On the way to finding a good estimate, you could always try this helpful idiom: We've written $S(n)=3^1+3^2+3^3+\cdots+3^n$ and so we also have $S(n+1)=3^1+3^2+3^3+\cdots+3^{n+1}$ so $$\begin{align} S(n+1)-3S(n)&=(3^1+3^2+\cdots+3^{n+1})-3(3^1+3^2+\cdots+3^n)\\ &=(3^1+3^2+\cdots+3^{n+1})-(3^2+3^3+\cdots++3^{n+1})\\ &= 3 \end{align}$$ But we also know that $S(n+1)=S(n)+3^{n+1}$ so we have $$ 3=S(n+1)-3S(n)=S(n)+3^{n+1}-3S(n)=-2S(n)+3^{n+1} $$ and so with a little algebra we find $$ S(n) = \frac{3^{n+1}-3}{2}=\frac{3}{2}(3^n-1) $$ Since we have an exact value for the sum, we can easily see that $S(n)=\Theta(3^n)$. However, if you need to establish explicit constants to show $S(n)\ge c\,3^n$ (for big-omega) and $S(n)\le d\,3^n$ (for big-o) it's not too difficult. (Hint, can you see that you can use any $d\ge 3/2$?)

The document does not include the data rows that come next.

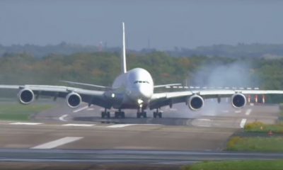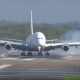 Најголемиот патнички авион во светот „ербас А380“ на компанијата „Емирејтс“ со 500 седишта е снимен како во текот на силно невреме се бори да слета на...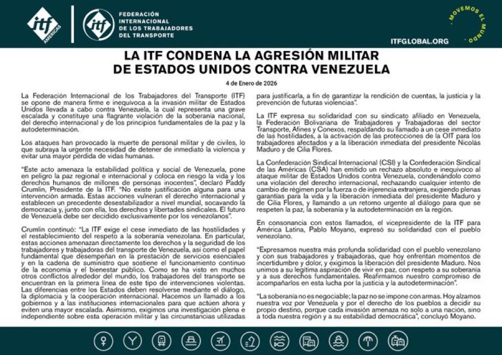 La Federación Internacional de los Trabajadores del Transporte (ITF) se opone de manera firme e inequívoca a la invasión militar de Estados Unidos llevada a cabo contra Venezuela, la cual representa una grave escalada y constituye una flagrante violación de la soberanía nacional, del derecho internacional y de los principios fundamentales de la paz y la autodeterminación.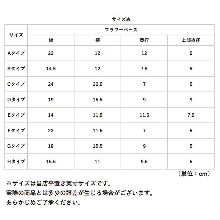 | サイズ | ・Aタイプ ・Bタイプ ・Cタイプ ・Dタイプ ・Eタイプ ・Fタイプ ・Gタイプ ・Hタイプ ※サイズについて詳細は、商品画像の中にあるサイズ表をご覧くださいませ。 |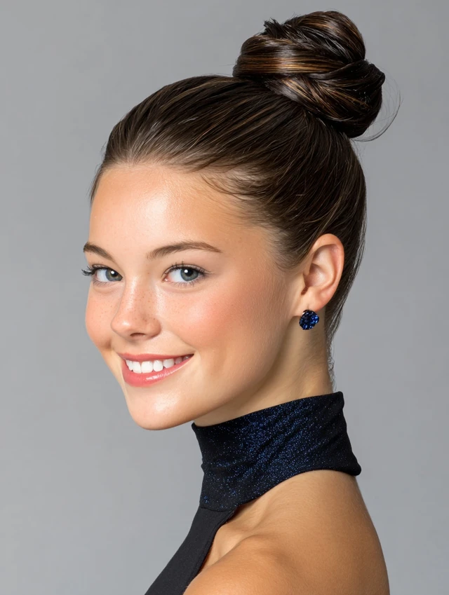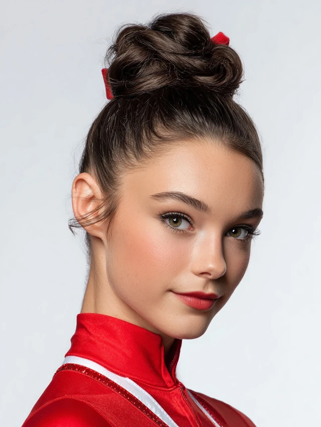 A high cheer bun is clean, secure, and perfect for routines that need zero hair movement.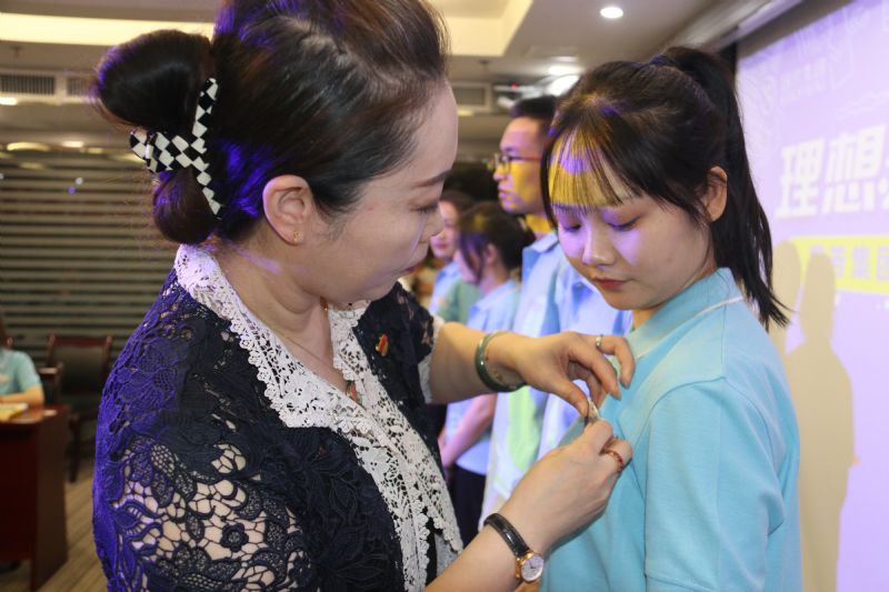 在入職儀式進入尾聲之際,進行授牌及贈書儀式,由國芳集團各位領導為新一屆管理培訓生佩戴工卡并合影留念,從此刻起,數十名管理培訓生便正式成為了國芳集團中的一員。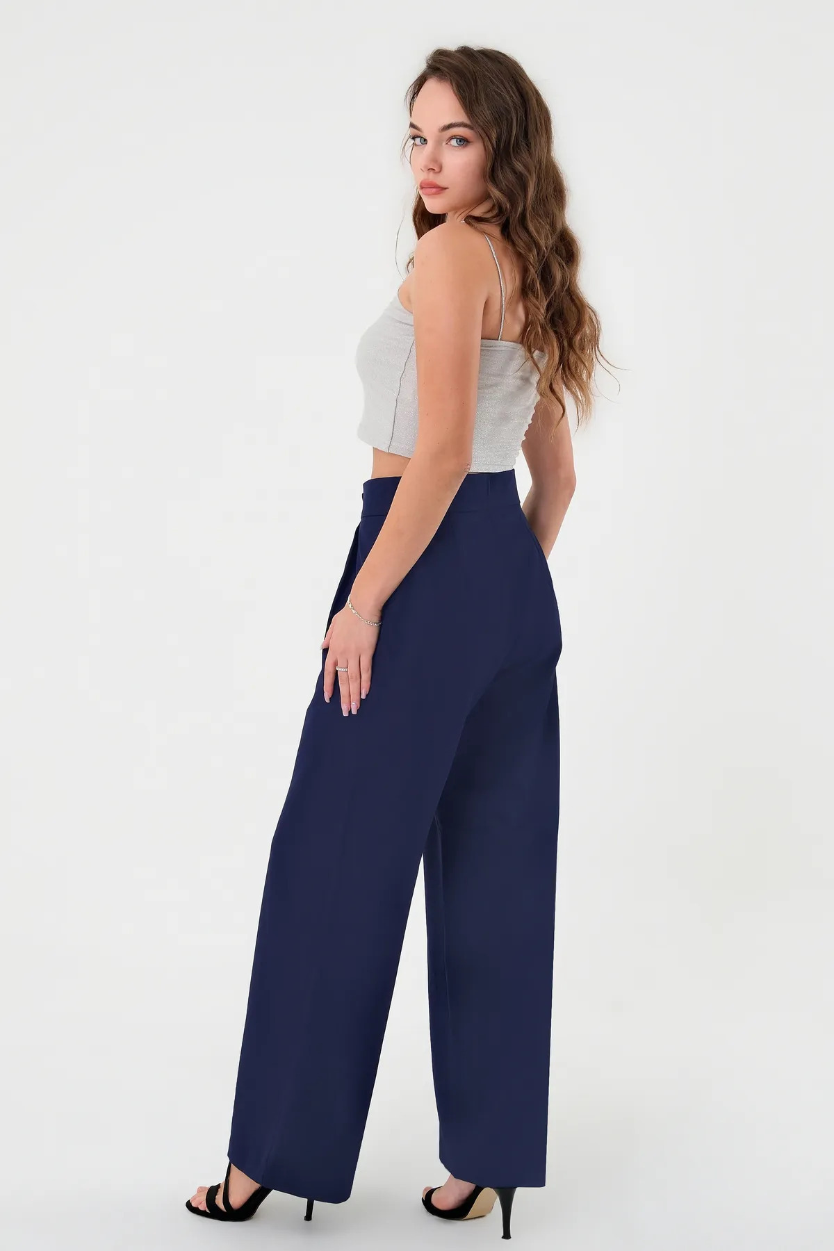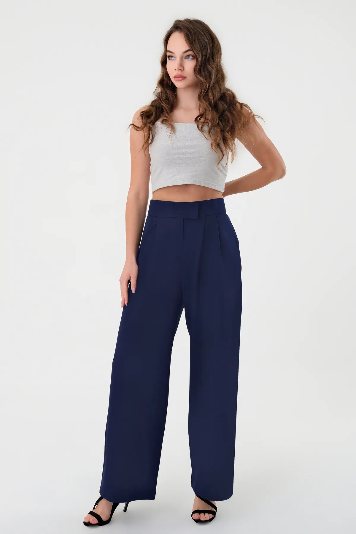 It exhibits a style that follows trends with its Palazzo silhouette.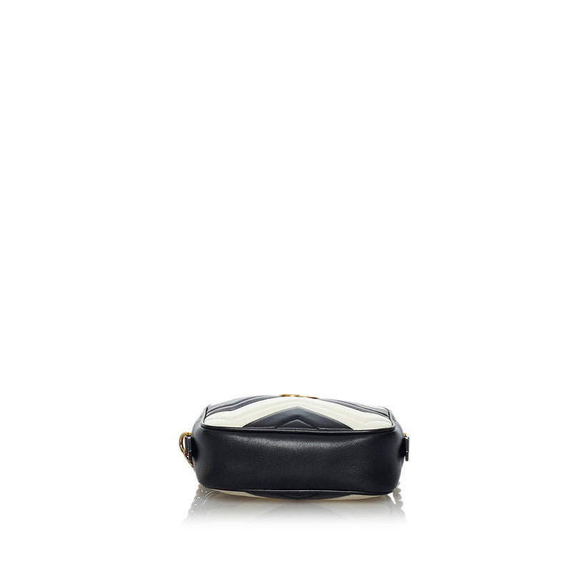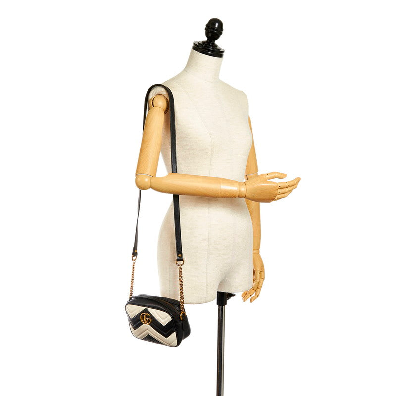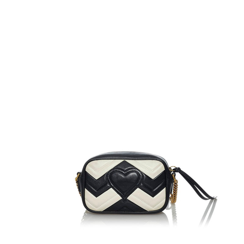 グッチ GGマーモント ハート 斜め掛け チェーン ショルダーバッグ 448065 ブラック ホワイト レザー レディース GUCCI 【中古】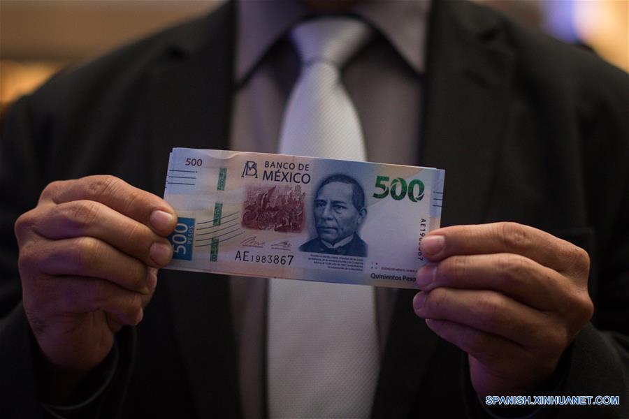 Una persona muestra el nuevo billete de 500 pesos mexicanos, en la Ciudad de México, capital de México, el 27 de agosto de 2018. De acuerdo con información de la prensa local, el nuevo dise?o, que lleva el rostro del expresidente mexicano, Benito Juárez y que comenzará su circulación el martes, conmemora el proceso histórico de la Reforma y la restauración de la República. (Xinhua/Francisco Ca?edo)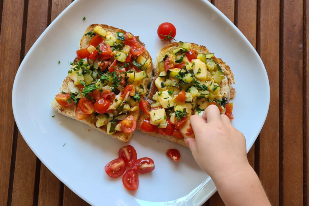 Hrskavo, svježe, ljetno! Odlične i lagane bruskete koje su se svidjele i mom 18-mjesečnom sinu koji nije mogao dočekati da ih mama ufotka! Dok sam pokušavala uloviti savršen kadar, njegove su male ručice već bile "u akciji". Ovo je jedan od onih recepata koji ne zahtijevaju puno, a osvajaju na prvu – savršen izbor za brzinski ljetni zalogaj. Uživajte u brusketima i ovim malim ručicama koje su me podsjetile koliko je hrana najbolja kada se dijeli.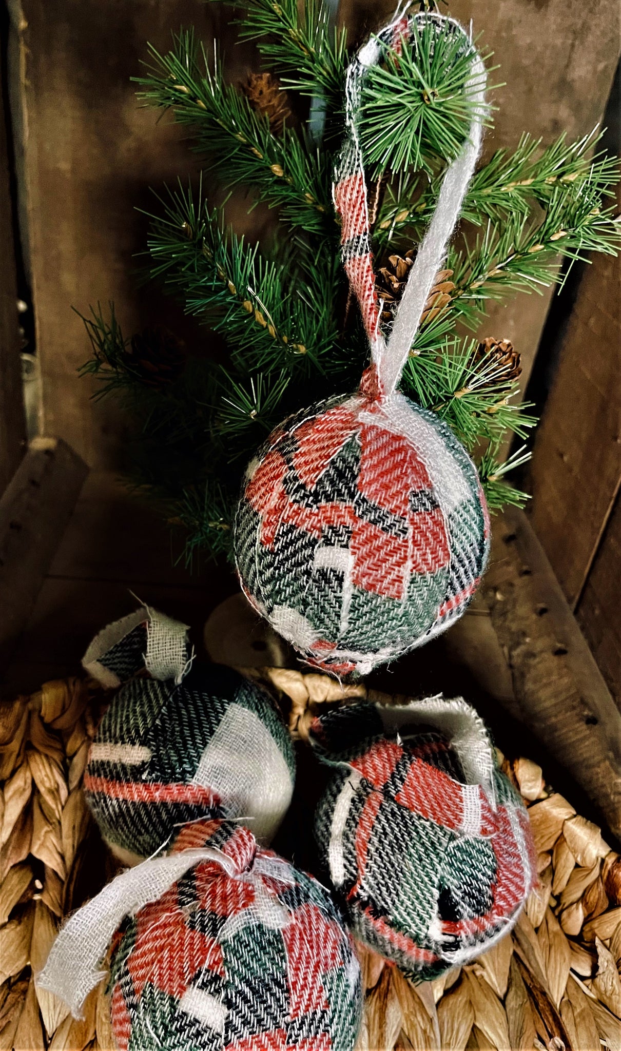 Red plaid Christmas trees balls are 3.5 inches round and are made with a very soft material.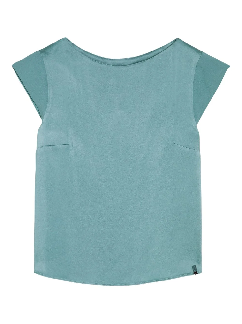 short-sleeve blouse Highlights - Blue - Satin finish - Short sleeve - Boat neck - Straight hem Made in Italy Composition Acetate 72%, Viscose 28% Washing instructions Read Manufacturer Guidelines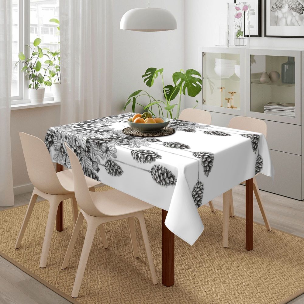 Скатерть из хлопка и льна с вышивкой в клетку | Дом сад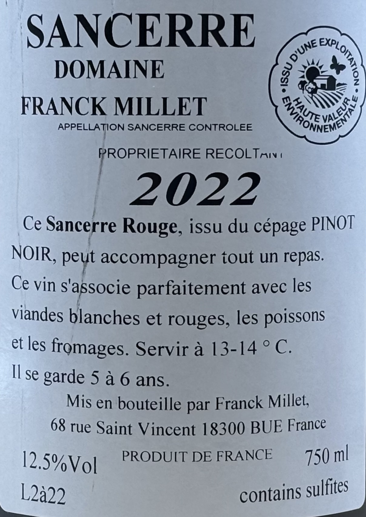 Denne rødvin kommer fra Sancerre i Loire-dalen i Frankrig og er produceret af Domaine Franck Millet i Bué, en af de klassiske vinlandsbyer i appellationen. Sancerre er mest kendt for sine hvide vine, men området laver også elegante og terroirprægede rødvine på Pinot Noir med friskhed, finesse og flot madvenlighed.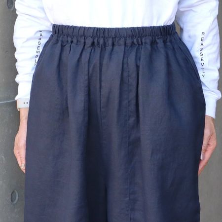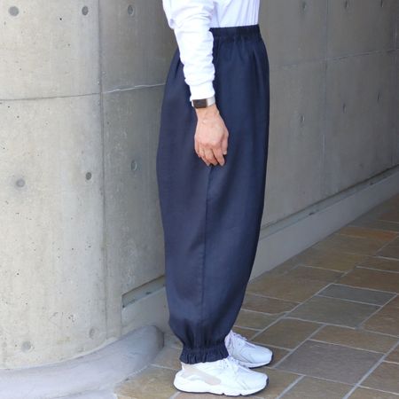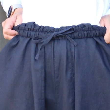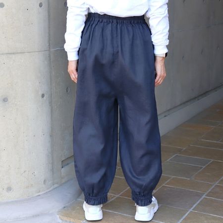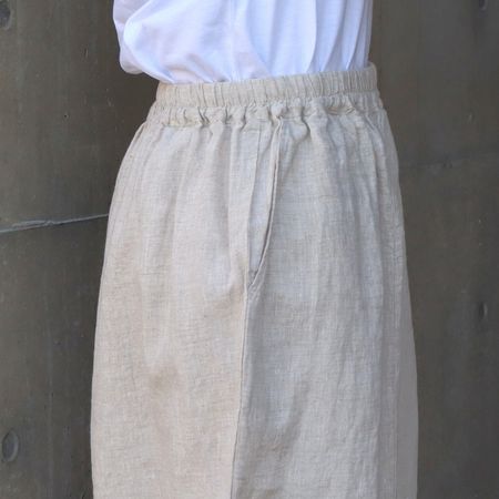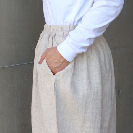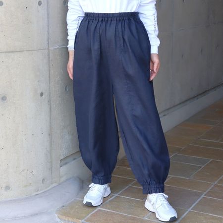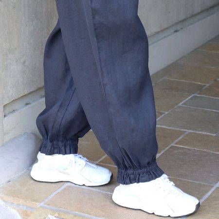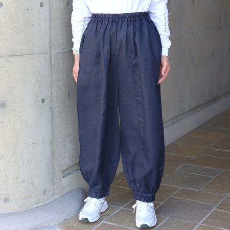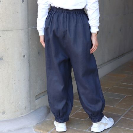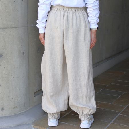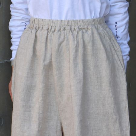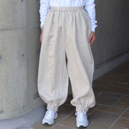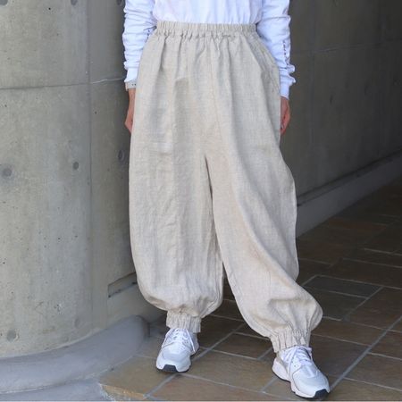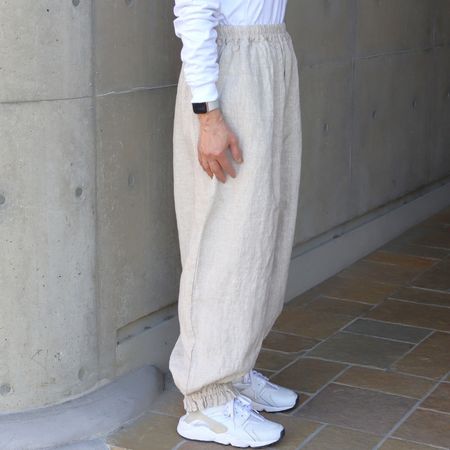 独特のシャリ感を残しながら、やや薄手でなめらかに仕上げた14番手リネンを使用した裾ゴムパンツ。

$^*$As an aside, you might have been misled in your choice of replacements at the very start by the proof that $1^k+2^k+3^k+\cdots+n^k\le n^k+n^k+\cdots+n^k=n^{k+1}$ which does indeed lead to a big-Theta estimate, though for a different sum.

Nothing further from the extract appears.